2. Kaner et al. (2007) : l’intervention brève entraîne la réduction de la consommation d’alcool chez les hommes (non prouvée chez les femmes) avec une diminution de la consommation de 57g par semaine en moyenne. Des interventions plus longues ne sont pas associées à une réduction significativement plus importante des consommations.
3. Bonaldi, C. & Hill, C. (2018), ‘La mortalité attribuable à l'alcool en France en 2015’, Bulletin Épidémiologique Hebdomadaire.
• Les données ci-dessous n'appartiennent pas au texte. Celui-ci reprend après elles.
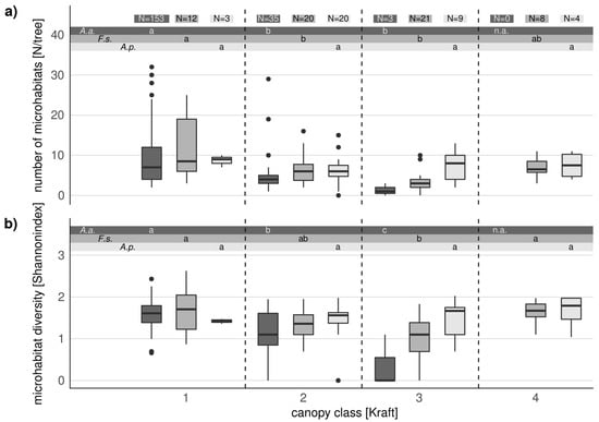 Relationship between tree canopy class and microhabitat frequency (a) and diversity (b) in habitat trees of the tree species Abies alba (A. a.), Acer pseudoplatanus (A. p.), and Fagus sylvatica (F. s.). Different letters indicate significant differences between canopy classes of each tree species. The black bar indicates the median, the box shows the interquartile range, and the whiskers the 1.5-interquartile range.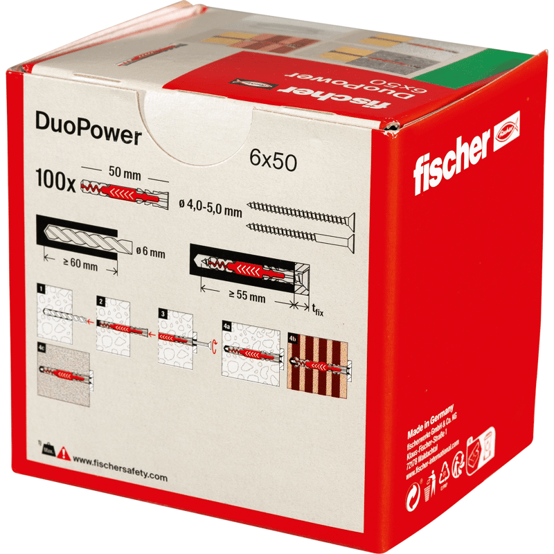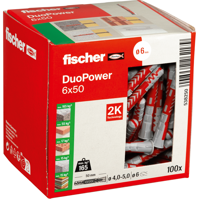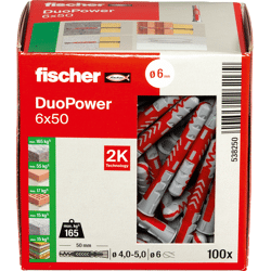 Der fischer DuoPower bietet sehr gute Haltewerte durch 2 Komponenten: Die graue Komponente aus hochwertigem Nylon aktiviert je nach Baustoff automatisch das optimale Funktionsprinzip (Spreizen, Klappen, Knoten) für besten Halt. Die Expansionsflügel der roten Komponente unterstützen die sichere Verspreizung und bieten zusätzliche Sicherheit zur grauen Komponente. Einfaches Eindrehen der Schraube und richtiges „Ziehen“ zum Schluss. Kein Überdrehen der Schraube. Der am Dübelkopf angeformten Rand verhindert, dass der Dübel ins Bohrloch rutscht.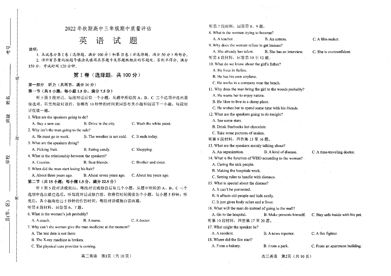 高三英语--河南省南阳市2022-2023学年高三上学期11月期中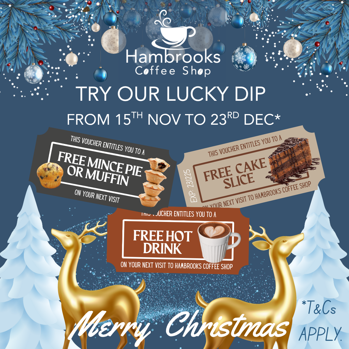 Every time you purchase a hot drink & a slice of cake or something savoury, try your luck in our Festive Lucky Dip! 🎉
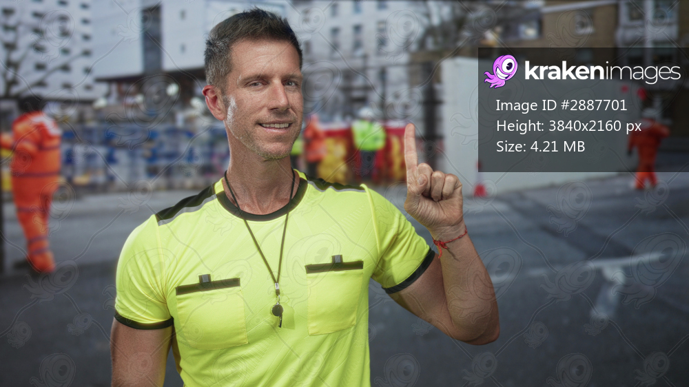 Man in neon yellow shirt with whistle points index finger on street at construction site; safety confidence.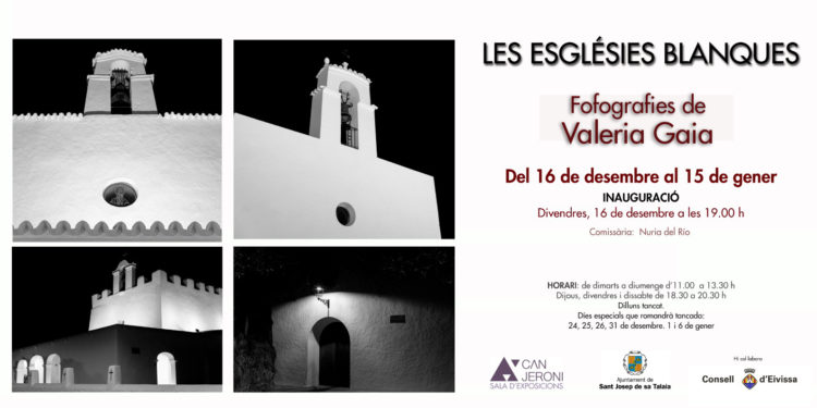 L’Ajuntament de Sant Josep de sa Talaia inaugura l’exposició ‘Les esglésies blanques’, amb fotografies de Valeria Gaia, a la sala d’exposicions del Centre de Cultura Can Jeroni aquest proper divendres, 16 de desembre, a les 19 hores, dins el programa de les festes de Nadal i Cap d’Any. La mostra, organitzada pel Consell d’Eivissa, és un recorregut a través de 50 imatges per les 17 esglésies rurals de l’illa a través de la mirada personal de la creadora italiana i es podran visitar fins el 15 de gener.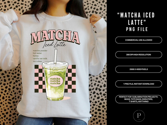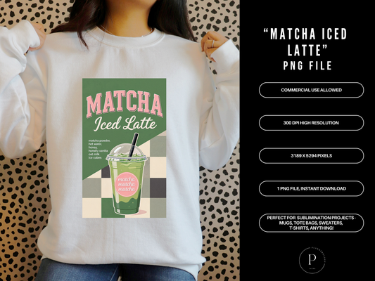 Iced Matcha Latte PNG Clipart – Trendy Matcha Aesthetic Drink Design for T-Shirts, Sublimation & Print on Demand, POD Commercial Use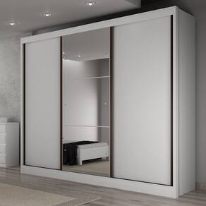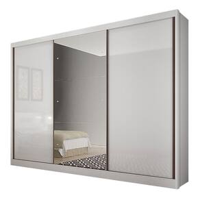 Guarda Roupa Casal em MDF com Espelho 3 Portas de Correr Sonetto Novo Horizonte - Branco
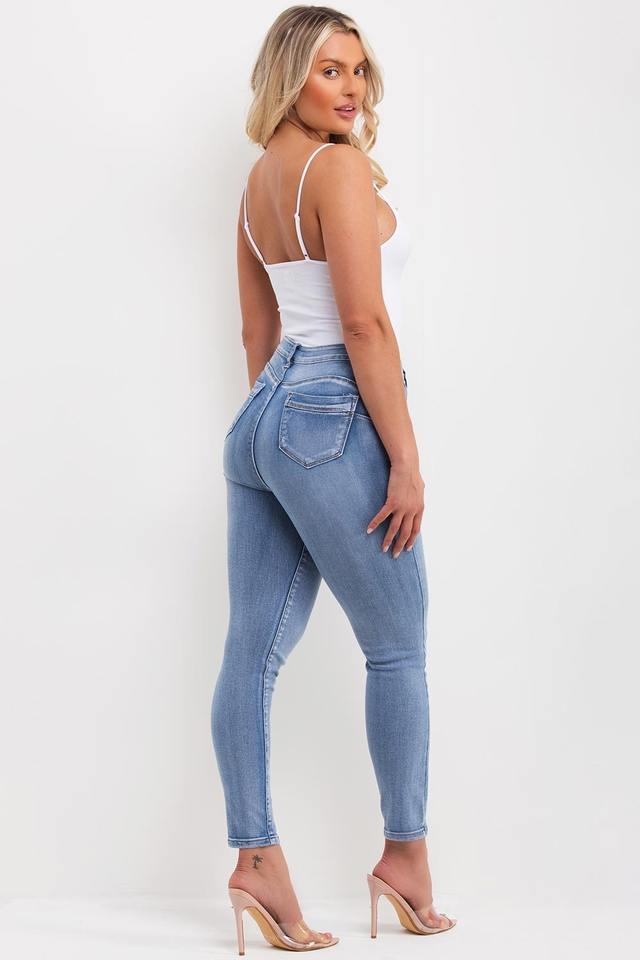 กางเกงยีนส์สำหรับผู้หญิงทำจากผ้าฝ้ายสีอ่อนปักโลโก้ตามสั่ง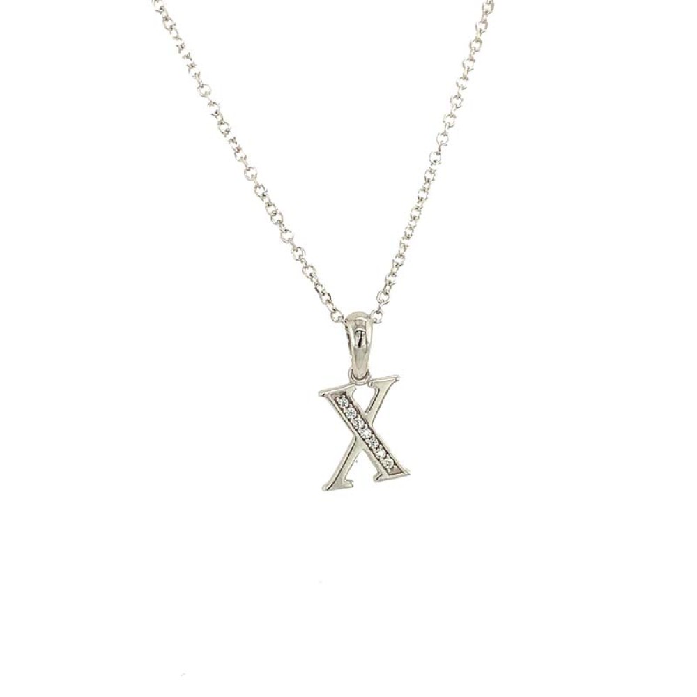 Μονόγραμμα μενταγιόν ''Χ'' από λευκόχρυσο 9Κ με λευκά ζιργκόν.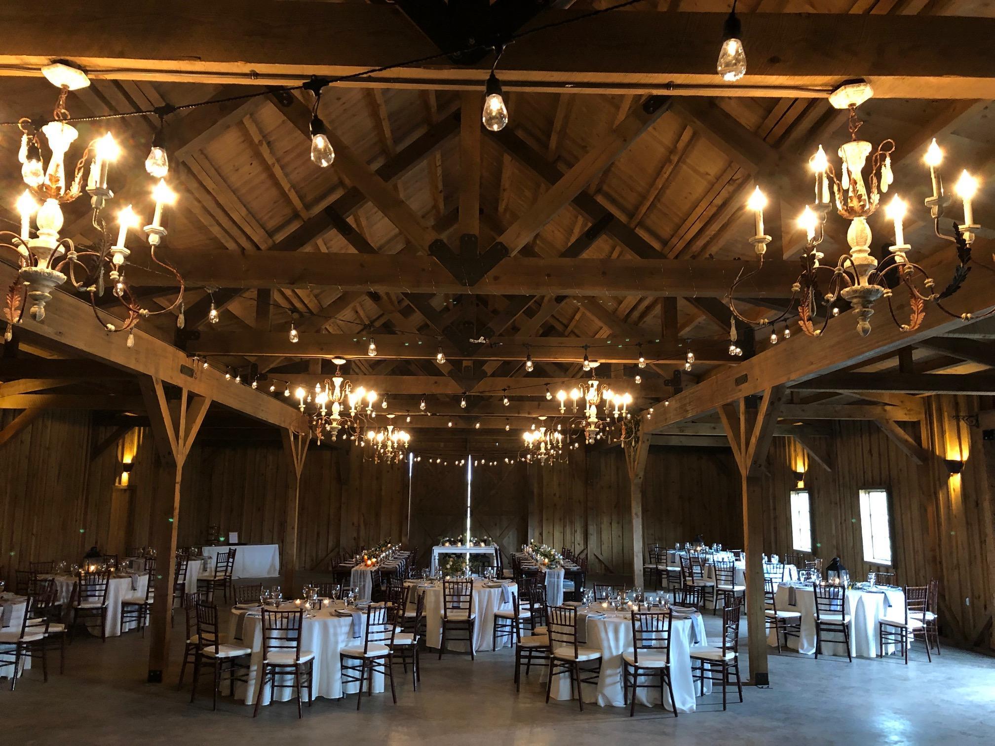 - Lighting on Dimmers - Electrical system capable of handling large bands - 60" round banquet tables, 30" cocktail tables, 8'x40" farm dining tables, 5' farm bar-height tables, fruitwood chivari dining chairs, 6' and 8' foldable catering tables - Commercial A/C and heating system - Catering Area (indoor/outdoor) - ADA compliant men's and women's restrooms - Vendor Parking - Barn-wood Bar (movable)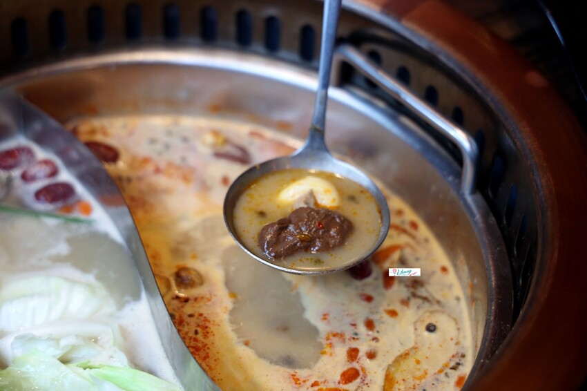 肉骨茶湯是採用大骨蔬菜以及中藥材熬製而成,南洋風肉骨茶湯底很濃郁,胡椒香氣十足,涮青菜或海鮮都很適合。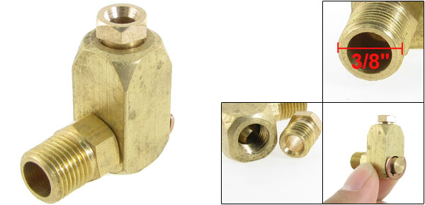 Product Name Brass Connector Design Elbow, 2 Way Hole Diameter 4mm/ 5/32" Male Thread Diameter 9.5mm/ 3/8" Overall Size 28 x 12 x 28mm/ 1.1" x 0.47" x 1.1" (L*W*T) Material Brass Color Gold Tone Net Weight 30g Package Content 1 x Brass Connector - Reviews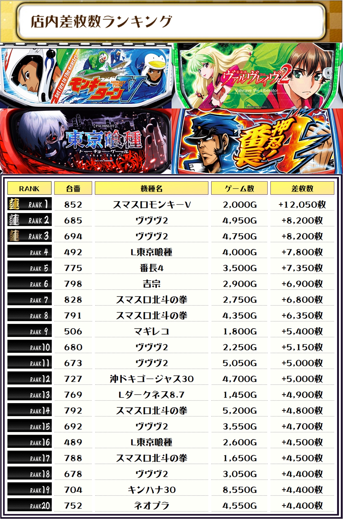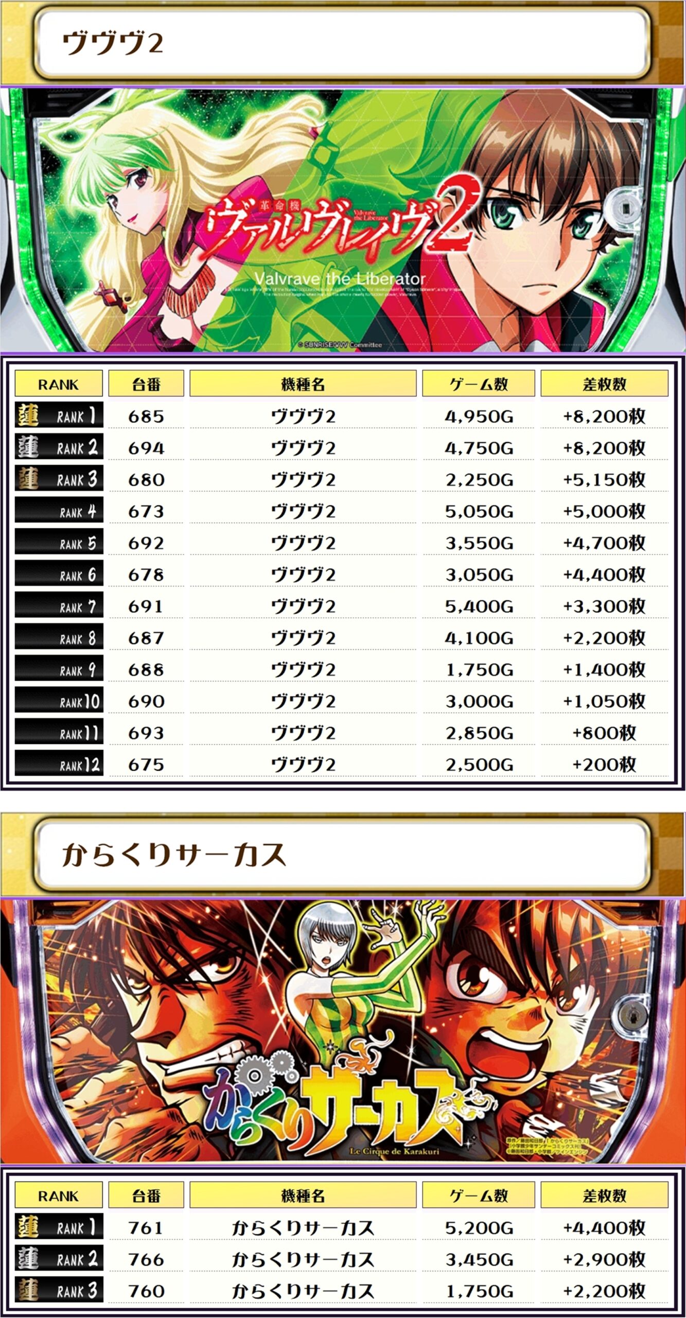 2位には【ヴヴヴ2・685番台】の+8,200枚、そして3位も同じ機種でしかもほぼ同じ枚数の【ヴヴヴ2・694番台】の+8,200枚がランクインですっ🏆🏆🏆🏆

4. Shield, K. D.; Micallef, C. M.; Hill, C.; Touvier, M.; Arwidson, P.; Bonaldi, C.; Ferrari, P.; Bray, F. & Soerjomataram, I. (2017), 'New cancer cases in France in 2015 attributable to different levels of alcohol consumption', Addiction 113(2), 247--256.
5. Roerecke, M.; Tobe, S. W.; Kaczorowski, J.; Bacon, S. L.; Vafaei, A.; Hasan, O. S. M.; Krishnan, R. J.; Raifu, A. O. & Rehm, J. (2018), 'Sex-Specific Associations Between Alcohol Consumption and Incidence of Hypertension: A Systematic Review and Meta-Analysis of Cohort Studies', Journal of the American Heart Association 7(13).
6. Gallagher, C.; Hendriks, J. M. L.; Elliott, A. D.; Wong, C. X.; Rangnekar, G.; Middeldorp, M. E.; Mahajan, R.; Lau, D. H. & Sanders, P. (2017), 'Alcohol and incident atrial fibrillation A systematic review and meta-analysis', International Journal of Cardiology 246, 46--52.